Pour l’auteur, la musique locale est comme un vrai miroir de la Polynésie, de son histoire, notamment coloniale. Pour le chercheur, la transformation de la musique accompagne la transformation de la société au fil des années. Car effectivement, que ce soit dans les paroles des chansons – avec l’utilisation très fréquente du mot fenua, révélateur de l’attachement des Polynésiens à la terre –, ou dans les instruments de musique traditionnels comme le ukulele et le vivo ou plus récemment comme les synthétiseurs et la guitare, la musique locale incarne à elle seule la Polynésie, son métissage, son passé et son présent. Elle se transforme au fil des années accompagnant la société, aidant à la transmission par l’oralité. « Les Polynésiens reprennent de vieux classiques de Cabrel, de Dalida comme Besame mucho, ou de Tino Rossi en les transformant en ‘made in fenua’ avec des paroles en reo, en ajoutant du ukulele. En réalité, ils
s’approprient ces chansons oubliant même qu’elles ne sont pas d’eux au départ », relève l’auteur.

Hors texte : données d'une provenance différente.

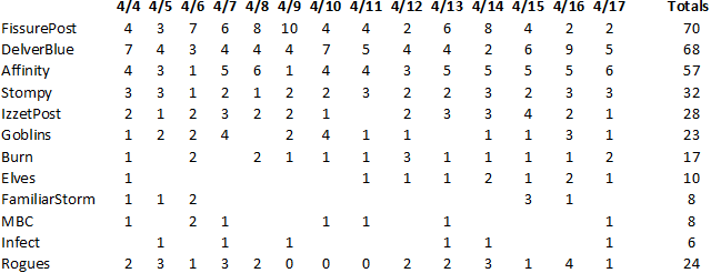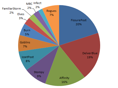 Yes, that’s correct, we’re entering into our first week with FissurePost being the top deck. Now keep in mind this is a grouping of the three different versions that we’re currently seeing, which includes the traditional Simic, a Mono-Blue, and the newest member of the family is a UW variant. I still feel no need to break this down individually, as the approach is the same, and attacking them is done in the same way. They are simply going about it in different ways. As you’ll see, however, (for better or worse) DelverBlue was right behind it, only missing out on first by two showings. This can be mostly attributed to the fact that DelverBlue has considerably good matches against all of the most heavily played decks including FissurePost. With Affinity rounding out the top three, we see for the first time a top three that makes up over half the decks in the metagame. Some old favorites such as Stompy and IzzetPost are starting to fall a bit from favor as they struggle a little in this new meta. I think that IzzetPost is the biggest struggle because it will find it hard to compete against a Fissure-heavy metagame. Beyond those top decks, we’re still seeing the new 12-creature Burn deck making a decent showing and rounding things out with some classics such as Goblins, Elves, and Mono-Black Control. The biggest surprise of the week would be the fact that Infect managed to sneak in past our rogue mark with perhaps the highest showing it’s had since the ban.

Si Ernest Sin Chan aborde donc dans son essai de nombreux aspects passés et présents de la musique locale et son influence omniprésente dans la société, il s’attache aussi à montrer à quel point l’une des institutions de la Polynésie est absolument vitale pour la population : la bringue. « La bringue est sacrée, vitale pour les Polynésiens. Elle est le marqueur le plus puissant de l’identité l’âme mā’ohi. Chaque Polynésien est chanteur, danseur, musicien. La bringue
contribue au bien-être social, sans elle la société mā’ohi aurait du mal à survivre et pourrait mourir », note l’essayiste.